[DATA]

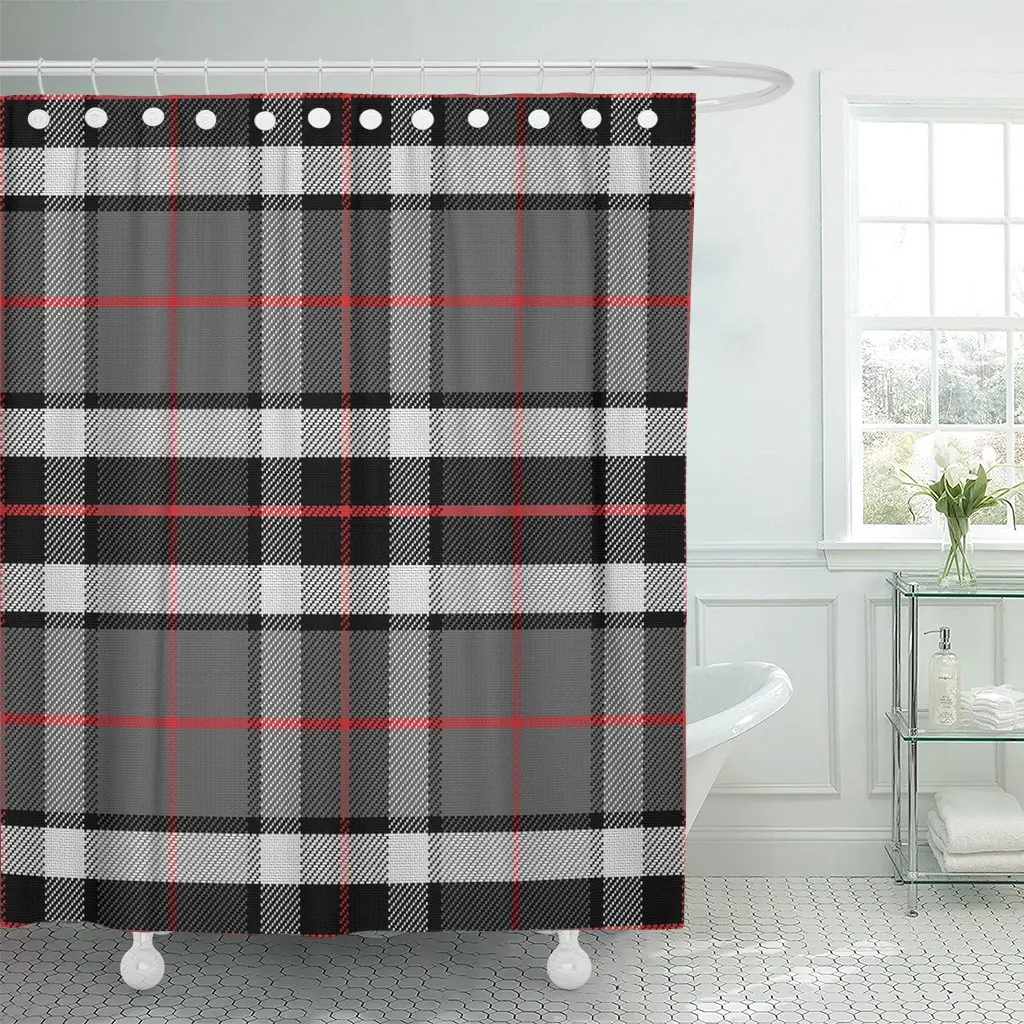 Красный плед шотландская клетка Tompson Черный, серый цвет и белый абстрактный Водонепроницаемый полиэстер ткань душ Шторы 72x72 дюйма набор
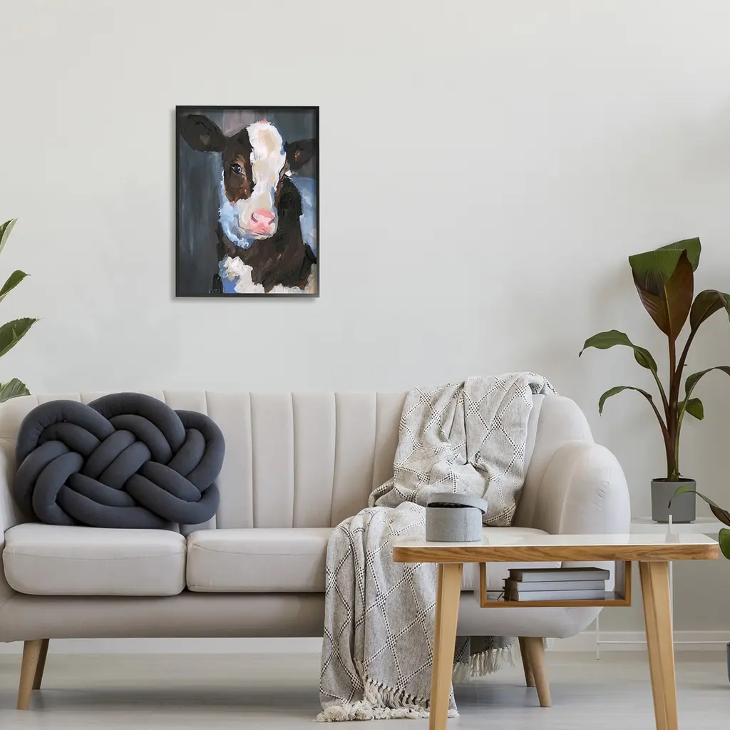 Stupell Detailed Painterly Country Cow Calf Cattle Portrait Framed Wall Art - Black - 16 X 20 - Black
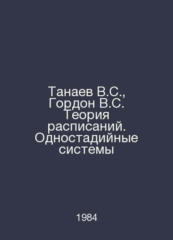Tanaev V.S., Gordon V.S. Timetable Theory. Single-stage Systems In Russian /Tanaev V.S., Gordon V.S. Teoriya raspisaniy. Odnostadiynye sistemy Economics and Mathematics Library 1984.Contact us for details or to request photos of available books. Delivery of this book could take longer than normal due to additional handling time before shipping, and no rush delivery options are available. Please let us know if you have a specific date by which you need to receive your order.SKUalb77449d57a6bced0f
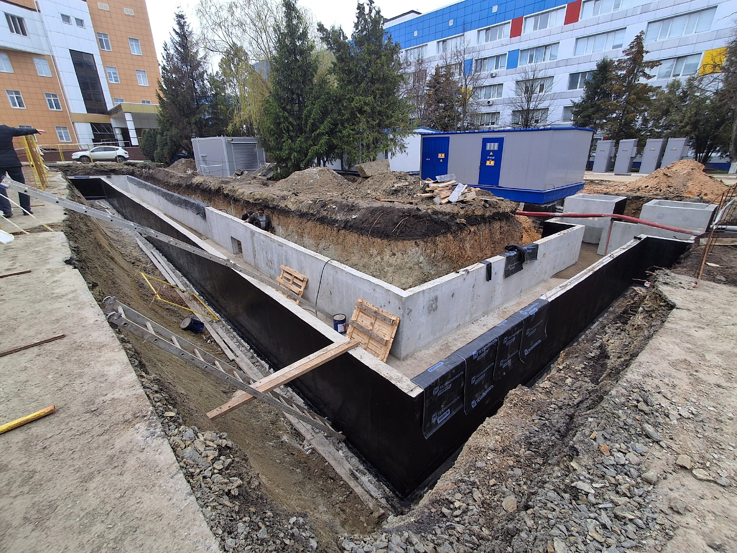 В настоящее время на стадии завершения работы по переносу теплотрассы с пятна застройки, ведется вынос сетей ливневой канализации и второй этап выноса сетей водоснабжения и водоотведения с пятна застройки. Параллельно рабочие продолжают устройство наружных сетей электроснабжения и водоснабжения.
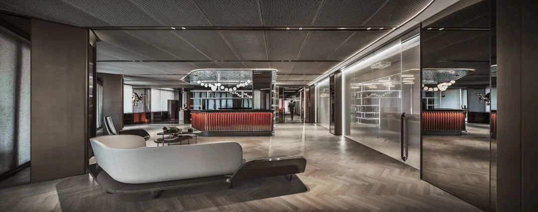 恒基·旭辉天地的室内风格极大地融入了“工业感”和“未来感”的碰撞,突出材料的质感与戏剧性,通过空间互动与通电玻璃等手法的运用,增添办公空间的功能性、趣味性,从而打破传统办公形象,为空间注入更多的功能融合可能性。
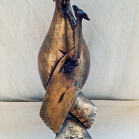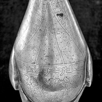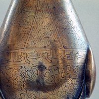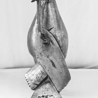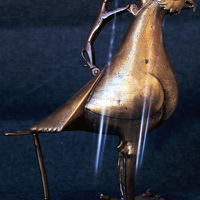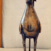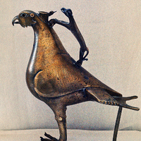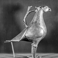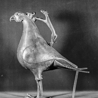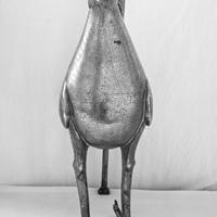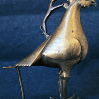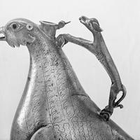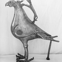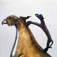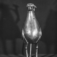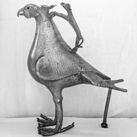 - Aquamanile in the shape of bird. Engravings indicate plummage. Canine figure features as handle.
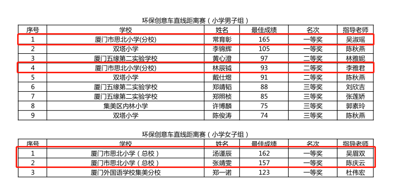 车辆模型比赛中,10人参加比赛,10人次获得奖项,荣获11个奖次。一等奖4名,二等奖3名,三等奖4名,学校也荣获厦门市青少年车辆模型锦标赛团体成绩二等奖的荣誉。

[/DATA]

PROBLEM TO WORK ON:
With the pictures omitted, copy exactly the lines from the line that contains "- Aquamanile in" through the end of the material.

ANSWER TO THIS EXERCISE:
 - Aquamanile in the shape of bird. Engravings indicate plummage. Canine figure features as handle.
 车辆模型比赛中,10人参加比赛,10人次获得奖项,荣获11个奖次。一等奖4名,二等奖3名,三等奖4名,学校也荣获厦门市青少年车辆模型锦标赛团体成绩二等奖的荣誉。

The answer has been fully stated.